На верху колокольни Ивана Великого отворили инженеры баки винные. Со страшной высоты поднебесной ринулось вино по трубам, взметнулись фонтаны посреди Красной площади. А на рундуках, сукном обтянутых, уже возложили быков жареных, начиненных дичью. Нищие тут воспряли от земли сырой – кинулись, словно бешеные, вмиг растерзали быков в куски мелкие, горячее мясо жгло им руки, бежали к фонтанам, ладони под струи вина подставляя…
Начинались милости. Первым под эти милости Остерман угодил: из барона сделался он графом; Семена Салтыкова не знала, куда и посадить: возомнил старик, даже в Сенат не пожелал, тогда его Анна подполковником гвардии определила; Черкасскому – голубую ленту дала; Трубецкого-заику – в кавалеры андреевские; князя Ваньку Барятинского – в генерал-лейтенанты; Татищев не только чин, но и тысячу мужицких душ получил; Антиох Кантемир – сразу четыре тысячи душ… Ух, как душно было во дворце!
Теснились, шептались, топтались – и все разом гадали:
– А место-то обер-камергерско… Кому быть на месте том?
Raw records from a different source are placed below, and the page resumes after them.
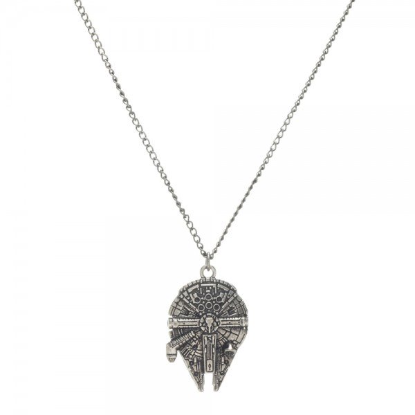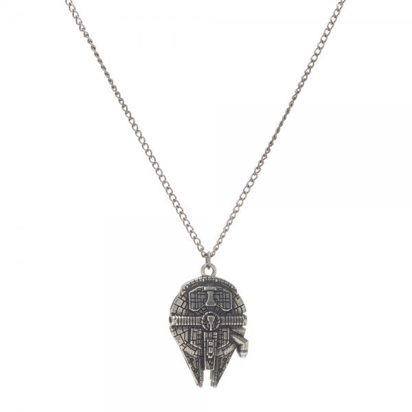 This is a licensed enamel grey/antique silver metal necklace in the 3-D image of the Millennium Falcon as seen in the classic Star Wars movies. It is a 3-D design with the ships detail on all sides (see photos) and measures 1.375″ across with an 18″ chain. It is in mint, unworn condition, in a sealed package and stored in a smoke and pet free environment.
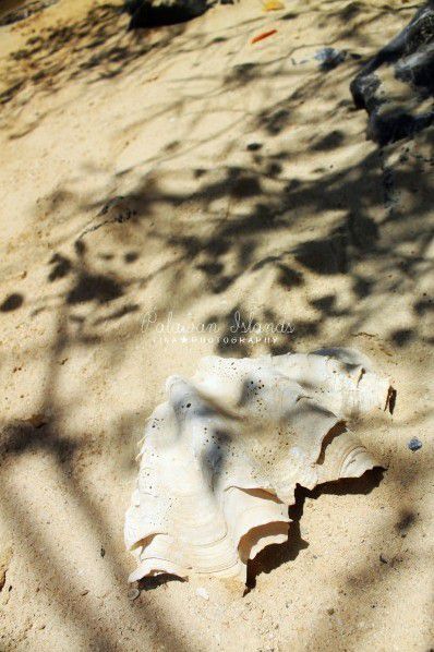 吃饱吃喝足,在海边玩耍,捡了一个贝壳,样子很漂亮,像是蕾丝的花边。
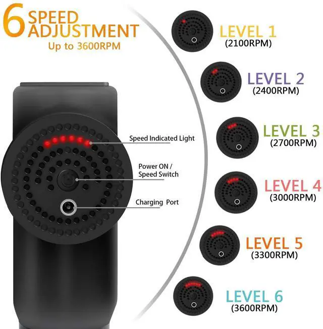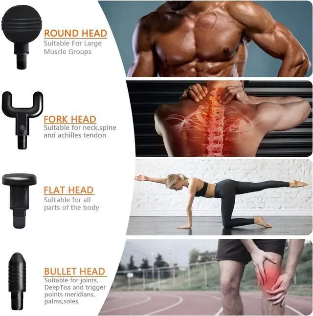 MASSAGE ADAPTERS & MULTI SPEEDS: Comes with 4 different heads to aid in sore muscle relief, this percussive deep muscle gun massager provide targeted treatment for every muscle group. Different massage heads and speed level provide a relaxing massage experience and match your various needs Multi speeds powerful deep tissue muscle massage gun: Excellent gift choice for Father, Mother, Wife, Husband, Family and Friends as birthday, anniversary, Christmas and New Year gift.
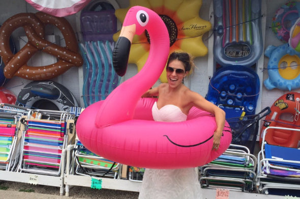 Samantha ir jos vestuvinė suknelė jau spėjo patirti nuotykių: išbandė žaisti golfą, keliavo automobiliu, apsipirkinėjo parduotuvėje.
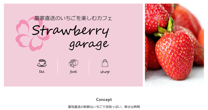 苺をメインにした架空カフェのランディングページを公開いたします。 ターゲットは「映え」が好きな20代の女性。 メニューエリアは、透け感のあるレイヤーのようにカーソルを合わせると色が変化するように設定 カラーを白とピンクで統一し、甘さと高級感をイメージしてもらえるようにデザインいたしました。
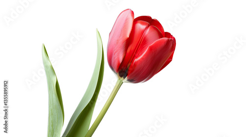 tulip, red, flower, bloom, flora, nature, plant, beauty, spring, floral, botany, garden, elegant, vibrant, closeup, isolated, blossom, growth, delicate, freshness, single, stem, leaf, natural, macro, bright, colourful, detail, texture, studio, background, flourishing, decorative, aesthetic, gardening, seasonal, tender, wellness, lifestyle, serenity, peaceful, calm, positive, energy

Бирен, преклонив колено, стоял возле престола – ждал.
Анна Иоанновна волновалась, в сторону Голицына поглядывая.
Стихло все… Даже платья дам не шуршали.
– Особливо нам любезный, – начала Анна басом, – Яган Эрнст фон Бирен, чрез многие годы будучи при комнатах наших, столь похвально к нам поступал, что его квалитеты и поступки редкостные были нам радостны… – Перевела дух, снова на Голицына глянув. – За что и жалуем его в свои обер-камергеры!
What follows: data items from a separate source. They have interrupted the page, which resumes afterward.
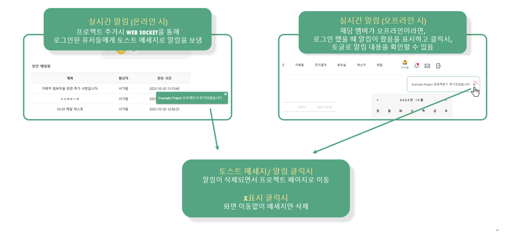 프로젝트 주제는 웹 ERD 프로그램이었고, 내가 맡은 부분은 내부 메일기능/ 프로젝트 알림(웹소켓 활용)/ WBS API 이다.
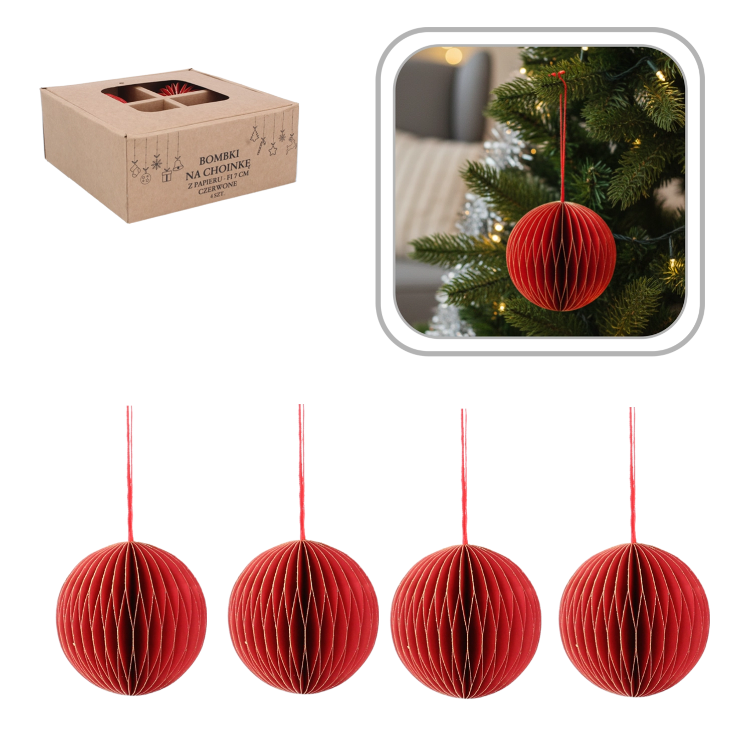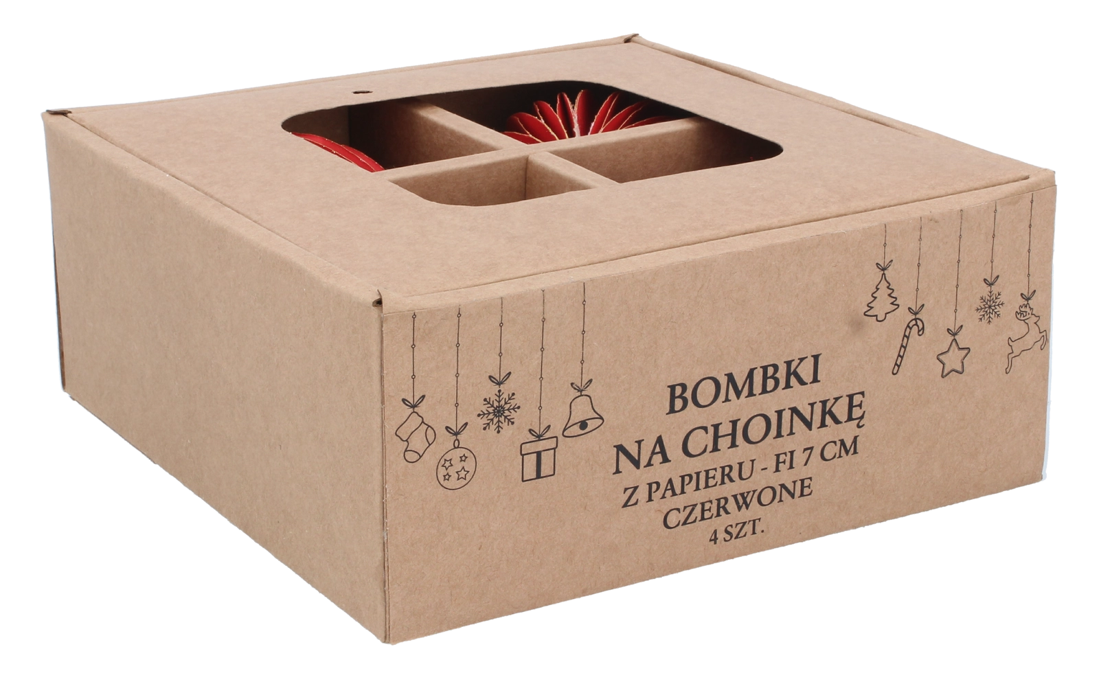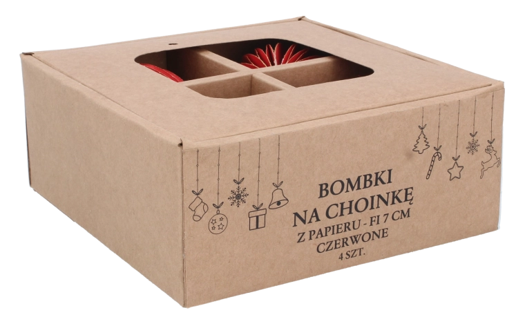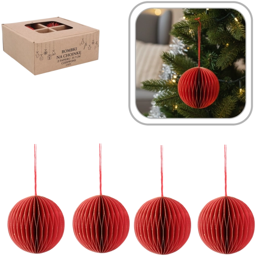 Dette sæt med fire papirjulepynt er ideelt til dig, der ønsker smagfuld og let dekoration til juletræet, kransen eller festlige arrangementer. Kvalitetsforarbejdning og en dyb rød nuance giver interiøret en varm og stilfuld atmosfære.
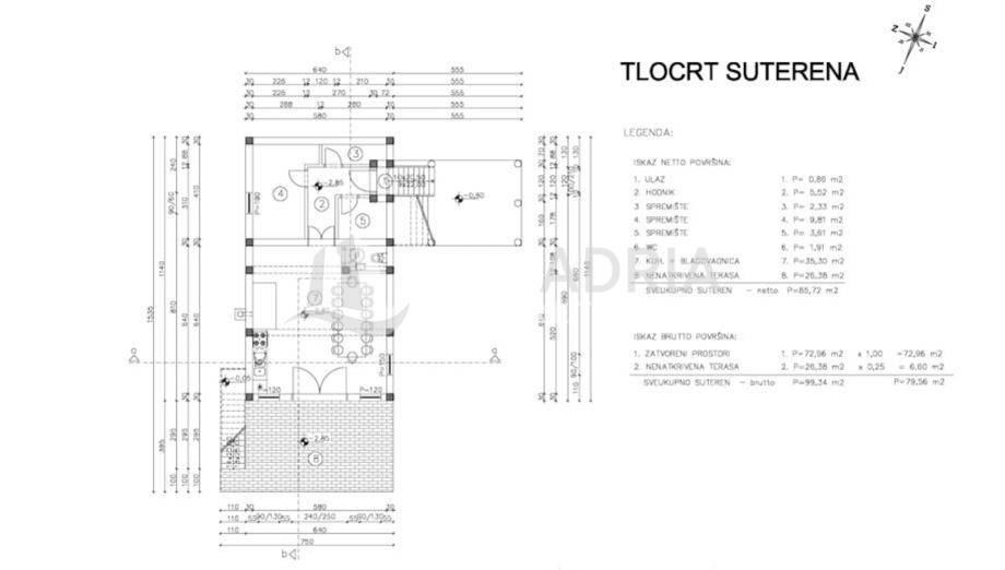 Suteren (59,34 m²): ulazni prostor, hodnik, tri spremišta, WC te kuhinja s blagovaonicom i izlazom na nenatkrivenu terasu (26,38 m²).
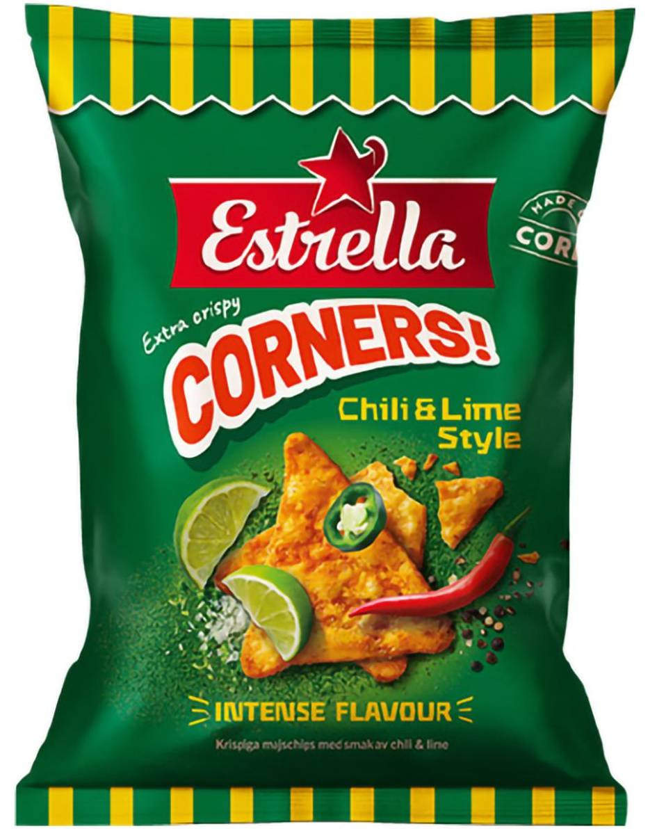 Estrella Corners Chili Lime Style - Majschips med Chili og Limesmag 160 gram
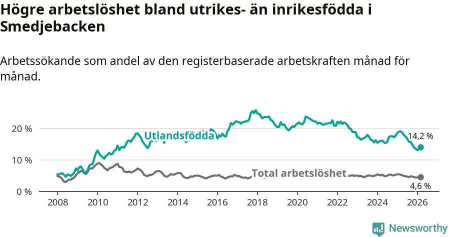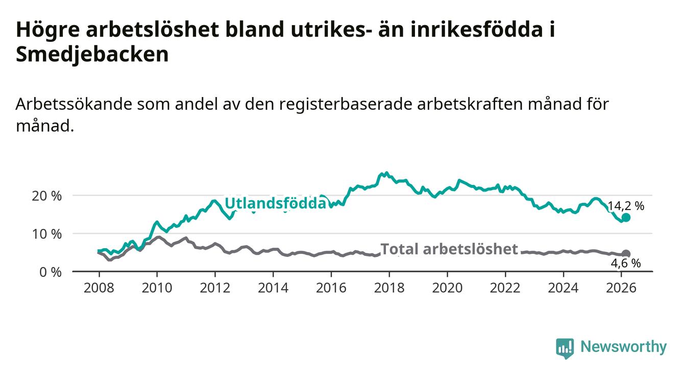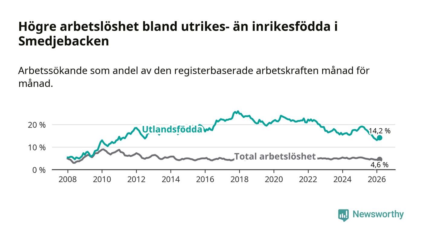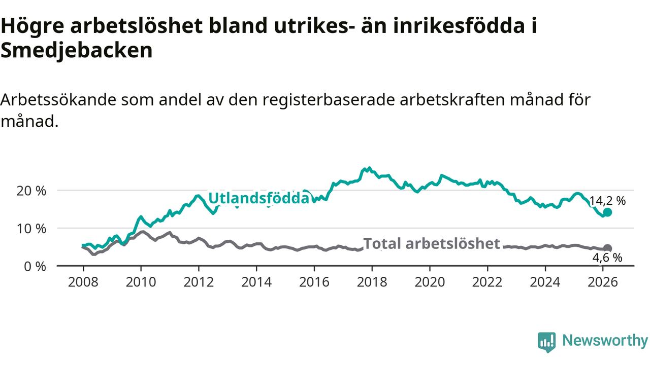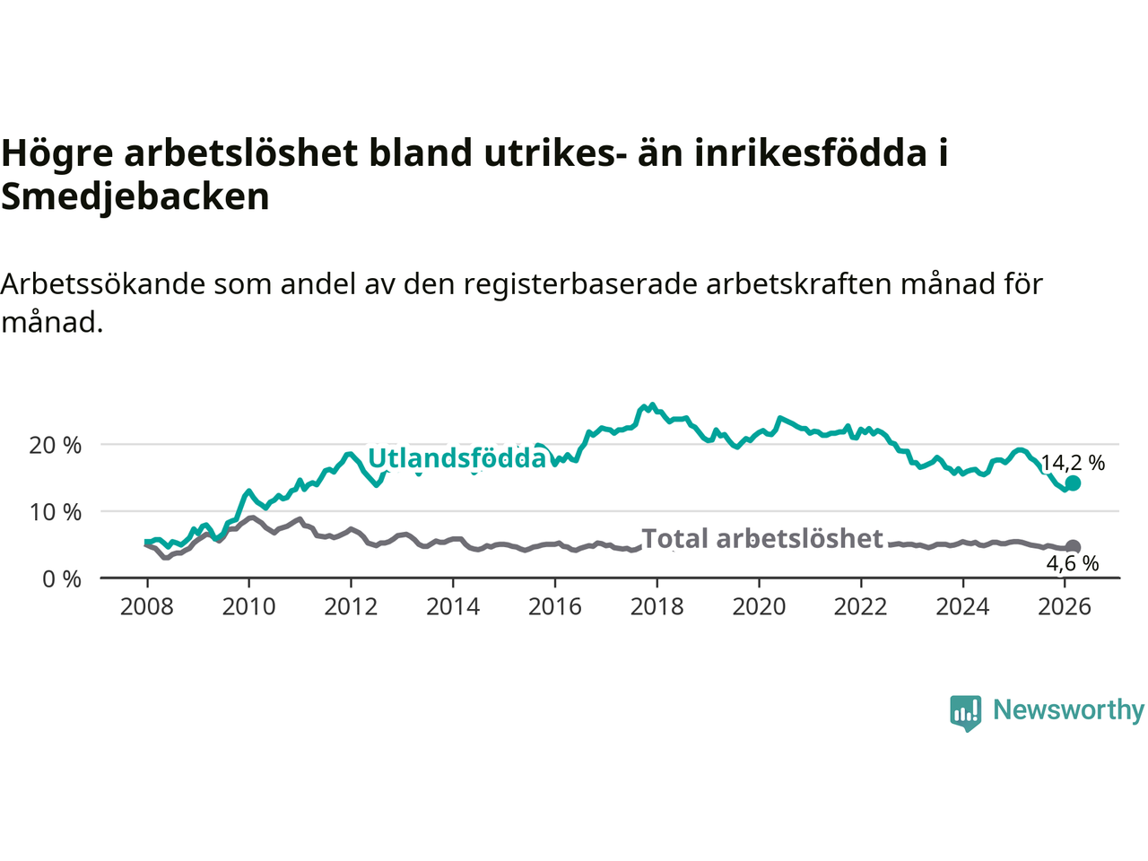 Arbetslösheten bland utlandsfödda var 14,2 procent i Smedjebacken under mars månad, motsvarande 73 av 514 personer. Det är 4,9 procentenheter färre än vid samma tidpunkt i fjol (−22 om man räknar personer). Därmed är de utlandsföddas arbetslöshet lägre än vid samma tidpunkt i fjol för åttonde månaden i följd. Sedan juli 2025 har arbetslösheten bland utlandsfödda minskat från 16,8 till 14,2 procent.

И вспыхнула в руках Анны красная лента. Муар так и струился, так и стекал меж толстых пальцев. И через левое плечо Бирена она ту кавалерию перекинула… Поднялся Бирен с колен, и все разом задвигались, заскребло тут многих, больших и малых мира сего. Засвербило русские сердца, даже Трубецкой скуксился. Шутка ли! Бирен уже кавалер ордена Александра Невского и обер-камергер: теперь, по чину придворному, вставал Бирен в ранге одном с российскими фельдмаршалами…
Москва вечерняя – вся в сверкающих огнях. Взлетали над дворцами фейерверки, бились, плеща свежо и пьяно, винные фонтаны у домов посольств иноземных. И только испанский посол фонтана у себя не завел, чем сильно разобидел императрицу. Даже Мардефельд, скупердяй вечно голодный, посол прусский, и тот винишком Москву побрызгал. Что это дука скупится? Рейнгольд Левенвольде отыскал в толпе гостей герцога де Лириа, выразил ему неудовольствие Анны. В ответ на это герцог склонился, и долго качался на груди иезуита тяжелый туассон «золотого тельца».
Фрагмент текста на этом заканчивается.